Frequent Heavy Downpours

Map predicting change in downpour frequency, 2040-2070 (map from NOAA Climate.gov)
map from climate.gov

19 March 2014

Here’s something to look forward to … or not!

If you’ve been keeping track of intense downpour events for the past 50 years, as NOAA has, you’ve noticed that they are more frequent in Pittsburgh than they used to be.  This will only get worse.

According to NOAA’s National Climate Assessment, by mid-century the frequency and intensity of heavy rain events will increase dramatically in some parts of the country, especially in Washington, Idaho and western Montana.  The bluest locations on the map will experience two or more additional days per year of record rainfall.
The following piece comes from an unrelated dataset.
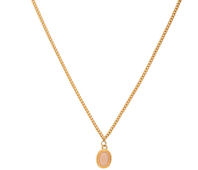 This vintage look necklace from 24Kae with gourmet links and has a oval beige stone as a pendant. The necklace is 42 cm long but can also be longer with the extension of 5 cm. Wear this necklace as a real asset to your outfit. The necklace is made of 925 sterling silver plated with 14 karat gold. All 24Kae jewelry is designed with love and an eye for detail by Kae Sutherland. Each 24Kae necklace has the authentic characteristic of a handmade charm with engraving and a touch of beige.

Pittsburgh is not exempt. We’ll see an increase in downpours and there will be an even higher frequency north and south of us.  Watch out, Cleveland and West Virginia!

For Allegheny County this map is particularly scary because of our old combined sewer infrastructure (sewage + storm water) that overflows into the rivers after as little as 1/10″ of rainfall.  If you visit our rivers you’ve seen the toilet paper.  The situation is so bad that Allegheny County is under a 2007 EPA consent decree to fix it.  We are not the only city with this problem!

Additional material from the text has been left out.